Modeling archival problems in Computational Archival Science (CAS)

By Dr. Maria Esteva

____

It was Richard Marciano who almost two years ago convened a small multi-disciplinary group of researchers and professionals with experience using computational methods to solve archival problems, and encouraged us to define the work that we do under the label of Computational Archival Science (CAS.) The exercise proved very useful to communicate the concept to others, but also, for us to articulate how we think when we go about using computational methods to conduct our work. We introduced and refined the definition amongst a broader group of colleagues at the Finding New Knowledge: Archival Records in the Age of Big Data Symposium in April of 2016.

I would like to bring more archivists into the conversation by explaining how I combine archival and computational thinking.  But first, three notes to frame my approach to CAS: a) I learned to do this progressively over the course of many projects, b) I took graduate data analysis courses, and c) It takes a village. I started using data mining methods out of necessity and curiosity, frustrated with the practical limitations of manual methods to address electronic records. I had entered the field of archives because its theories, and the problems that they address are attractive to me, and when I started taking data analysis courses and developing my work, I saw how computational methods could help hypothesize and test archival theories. Coursework in data mining was key to learn methods that initially I understood as “statistics on steroids.” Now I can systematize the process, map it to different problems and inquiries, and suggest the methods that can be used to address them. Finally, my role as a CAS archivist is shaped through my ongoing collaboration with computer scientists and with domain scientists.

In a nutshell, the CAS process goes like this: we first define the problem at hand and identify key archival issues within. On this basis we develop a model, which is an abstraction  of the system that we are concerned with. The model can be a methodology or a workflow, and it may include policies, benchmarks, and deliverables. Then, an algorithm, which is a set of steps that are accomplished within a software and hardware environment, is designed to automate the model and solve the problem.
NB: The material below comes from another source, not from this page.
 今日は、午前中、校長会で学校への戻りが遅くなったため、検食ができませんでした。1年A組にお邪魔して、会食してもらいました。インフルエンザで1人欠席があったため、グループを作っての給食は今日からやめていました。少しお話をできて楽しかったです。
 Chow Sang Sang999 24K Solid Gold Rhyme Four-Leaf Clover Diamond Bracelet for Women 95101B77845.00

A project in which I collaborate with Dr. Weijia Xu, a computer scientist at the Texas Advanced Computing Center, and Dr. Scott Brandenberg, an engineering professor at UCLA illustrates a CAS case. To publish and archive large amounts of complex data from natural hazards engineering experiments, researchers would need to manually enter significant amounts of metadata, which has proven impractical and inconsistent. Instead, they need automated methods to organize and describe their data which may consist of reports, plans and drawings, data files and images among other document types. The archival challenge is to design such a method in a way that the scientific record of the experiments is accurately represented. For this, the model has to convey the dataset’s provenance and capture the right type of metadata. To build the model we asked the domain scientist to draw out a typical experiment steps, and to provide terms that characterize its conditions, tools, materials, and resultant data. Using this information we created a data model, which is a network of classes that represent the experiment process, and of metadata terms describing the process. The figures below are the workflow and corresponding data model for centrifuge experiments.
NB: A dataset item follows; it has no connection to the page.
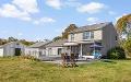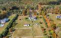 1624 Perth Road. This home shows like a staged model with wide plank luxury vinyl flooring throughout the first floor. The open layout includes a sunken family room featuring a wood stove with a dramatic floor-to-ceiling stone surround. Bright and spacious, the home offers large windows overlooking the back property, barns, and paddocks—perfect for keeping an eye on a horse or two. The versatile property lends itself to many endeavors. Enjoy the multi-level back deck, stamped concrete patio, and fire pit. A screened-in deck with two paddle fans makes outdoor living comfortable day and night. The first floor also includes a laundry room and half bath, which could easily be converted to a full bath. The showcase kitchen offers an island, granite counters, abundant cabinet space, black stainless Samsung appliances, under-cabinet lighting, and a subway tile backsplash. An attached two-car garage is complemented by a detached garage currently used as a workshop and workout space. Additional outbuildings include a barn that could serve as a chicken coop or wood storage, plus two barns and paddocks suitable for horses.

Figure 1. Workflow of a centrifuge experiment by Dr. Scott Brandenberg

 

Figure 2. Networked data model of the centrifuge experiment process by the archivist

Following, Dr. Weijia Xu created an algorithm that combines text mining methods to: a) identify the terms from the model that are present in data belonging to an experiment, b) extend the terms in the model to related ones present in the data, and c) based on the presence of all the terms, predict the classes to which data belongs to. Using this method, a dataset can be organized around classes/processes and steps, and corresponding metadata terms describe those classes.

In a CAS project, the archivist defines the problem and gathers the requirements that will shape the deliverables. He or she collaborates with the domain scientists to model the “problem” system, and with the computer scientist to design the algorithm. An interesting aspect is how the method is evaluated by all team members using data-driven and qualitative methods. Using the data model as the ground truth we assess if data gets correctly assigned to classes, and if the metadata terms correctly describe the content of the data files. At the same time, as new terms are found in the dataset and the data model gets refined, the domain scientist and the archivist review the accuracy of the resulting representation and the generalizability of the solution.

I look forward to hearing reactions to this work and about research perspectives and experiences from others in this space.

____
Dr. Maria Esteva is a researcher and data archivist/curator at the Texas Advanced Computing Center, at the University of Texas at Austin. She conducts research on, and implements large-scale archival processing and data curation systems using as a backdrop High Performance Computing infrastructure resources. Her email is: maria@tacc.utexas.edu

 

#snaprt chat Flashback: Archivist and Technologist Collaboration

By Ariadne Rehbein

This is a cross post in coordination with the SAA Students and New Archives Professionals Roundtable.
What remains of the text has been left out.